Supplied information:
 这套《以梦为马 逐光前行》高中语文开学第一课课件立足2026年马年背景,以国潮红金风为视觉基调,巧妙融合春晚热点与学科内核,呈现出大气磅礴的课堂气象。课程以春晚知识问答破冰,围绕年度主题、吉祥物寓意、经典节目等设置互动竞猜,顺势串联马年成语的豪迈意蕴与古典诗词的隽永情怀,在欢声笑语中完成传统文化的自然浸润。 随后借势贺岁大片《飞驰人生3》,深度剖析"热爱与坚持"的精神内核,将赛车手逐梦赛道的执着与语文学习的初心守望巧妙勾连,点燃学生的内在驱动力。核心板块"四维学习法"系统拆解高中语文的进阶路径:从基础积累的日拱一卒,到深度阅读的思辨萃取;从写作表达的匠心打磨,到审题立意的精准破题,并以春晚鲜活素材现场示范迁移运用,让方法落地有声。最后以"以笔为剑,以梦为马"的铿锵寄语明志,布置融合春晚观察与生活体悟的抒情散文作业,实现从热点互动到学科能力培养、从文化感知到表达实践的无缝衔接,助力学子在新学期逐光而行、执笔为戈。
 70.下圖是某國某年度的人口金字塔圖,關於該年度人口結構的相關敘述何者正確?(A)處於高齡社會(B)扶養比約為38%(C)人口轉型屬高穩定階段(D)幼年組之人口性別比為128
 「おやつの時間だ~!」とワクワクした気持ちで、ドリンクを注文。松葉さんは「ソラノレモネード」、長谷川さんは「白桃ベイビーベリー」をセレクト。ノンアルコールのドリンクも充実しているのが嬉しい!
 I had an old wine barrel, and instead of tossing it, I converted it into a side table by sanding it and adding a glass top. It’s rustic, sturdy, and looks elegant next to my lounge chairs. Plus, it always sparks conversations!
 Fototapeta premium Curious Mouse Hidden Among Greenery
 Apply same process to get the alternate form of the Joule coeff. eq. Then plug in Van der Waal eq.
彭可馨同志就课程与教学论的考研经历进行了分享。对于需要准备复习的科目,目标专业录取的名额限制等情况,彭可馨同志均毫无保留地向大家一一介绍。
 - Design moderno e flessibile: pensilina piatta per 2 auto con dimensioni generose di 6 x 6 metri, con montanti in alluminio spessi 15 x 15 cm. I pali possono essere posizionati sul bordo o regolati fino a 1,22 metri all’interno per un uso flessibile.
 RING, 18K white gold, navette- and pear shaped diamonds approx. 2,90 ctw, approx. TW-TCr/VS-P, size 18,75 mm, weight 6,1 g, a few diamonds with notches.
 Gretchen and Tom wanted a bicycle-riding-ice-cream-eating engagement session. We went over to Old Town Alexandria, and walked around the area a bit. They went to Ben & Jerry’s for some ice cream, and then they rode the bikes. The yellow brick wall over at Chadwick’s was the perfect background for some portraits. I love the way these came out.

...

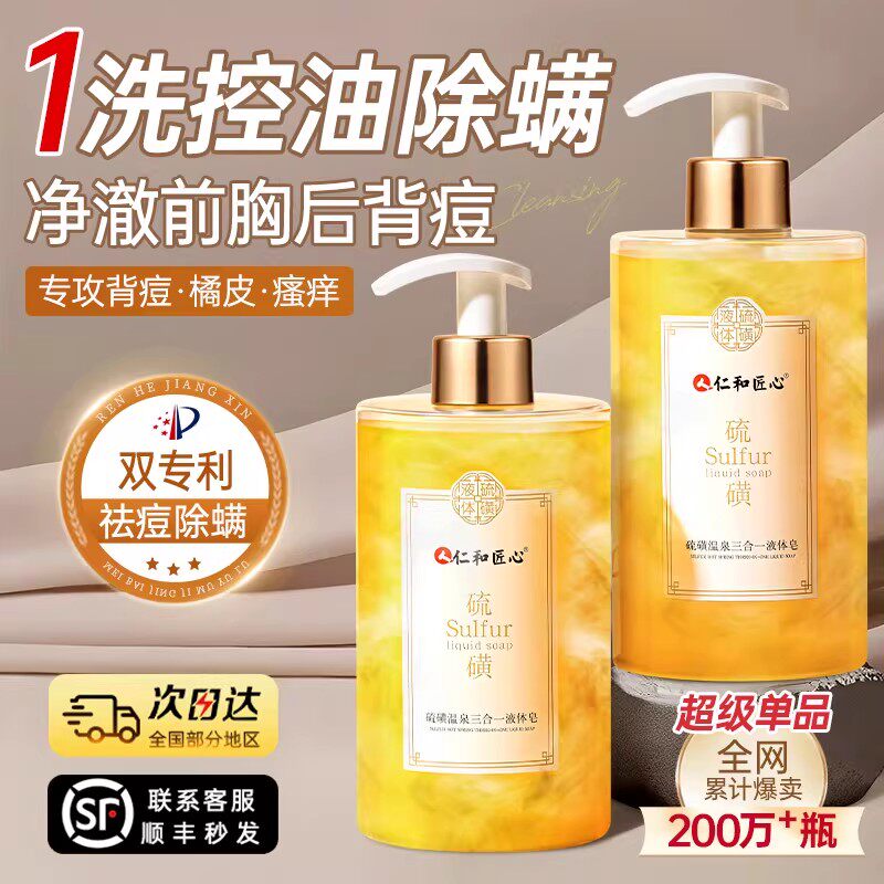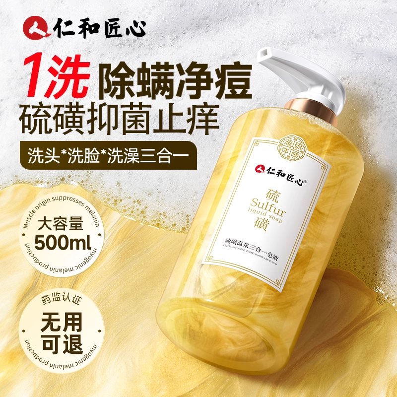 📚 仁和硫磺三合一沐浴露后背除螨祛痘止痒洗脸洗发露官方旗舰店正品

Work instruction: A word-for-word copy of the lines above from the one with "彭可馨同志就课程与教学论的考" through the one with "RING, 18K white", inclusive, is the only output wanted.

Written response:
彭可馨同志就课程与教学论的考研经历进行了分享。对于需要准备复习的科目,目标专业录取的名额限制等情况,彭可馨同志均毫无保留地向大家一一介绍。
 - Design moderno e flessibile: pensilina piatta per 2 auto con dimensioni generose di 6 x 6 metri, con montanti in alluminio spessi 15 x 15 cm. I pali possono essere posizionati sul bordo o regolati fino a 1,22 metri all’interno per un uso flessibile.
 RING, 18K white gold, navette- and pear shaped diamonds approx. 2,90 ctw, approx. TW-TCr/VS-P, size 18,75 mm, weight 6,1 g, a few diamonds with notches.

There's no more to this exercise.